The process includes the following stages:

1. A metal tube is filled with a liquid, preferably water and placed between lower and upper die sections of stamping dies.

2. The ends of the liquid-filled tube are sealed to confine the liquid within the tube at approximately atmospheric pressure.

3. The liquid-filled sealed tube is stamped in a conventional die to form the tube into a desired configuration, such as a box-shaped structural member. The compressive forces produced as the die closes to form stamped tube also compress the liquid within the interior of the sealed tube as it changes shape. Thus, the pressure of the liquid increases as the die closes. As the liquid resists compression, it forces the tube walls outwardly toward the interior surface of the die cavity.
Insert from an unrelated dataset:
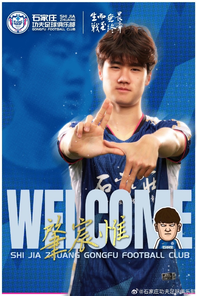 欢迎肇宸惟加入石家庄功夫大家庭!期待他能快速融入球队战术体系,将青春力量注入球队,与队友携手并肩,不负热爱、不负期待,为石家庄这座城市书写更多绿茵荣光。

Once die sections are fully closed around the sealed tube, the tube walls take the shape of the die cavity.

4. The remaining liquid is drained from the formed tube.

==Applications and Variations==
The liquid impact forming process is especially advantageous for the cold forming of tubular structural parts in automotive, railroad and aerospace industries. It may be used in the cold forming of cylindrical or non-cylindrical parts. It is limited for the applications requiring extensive metal flow or bulging because of the absence of external pressure utilization as in hydroforming.

One further variation of the liquid impact forming comprises the use of a change-of-state material in liquid state in order to prevent the tube wall from buckling or wrinkling during piercing. The change-of-state material can be water or a metallic lead-bismuth alloy. The liquid can be frozen before the stamping phase. After stamping, the liquid can be melted and drained from the shaped tube. Other applications of the process would be the piercing or bulging of tubes, which could also include the use of the change-of-state material.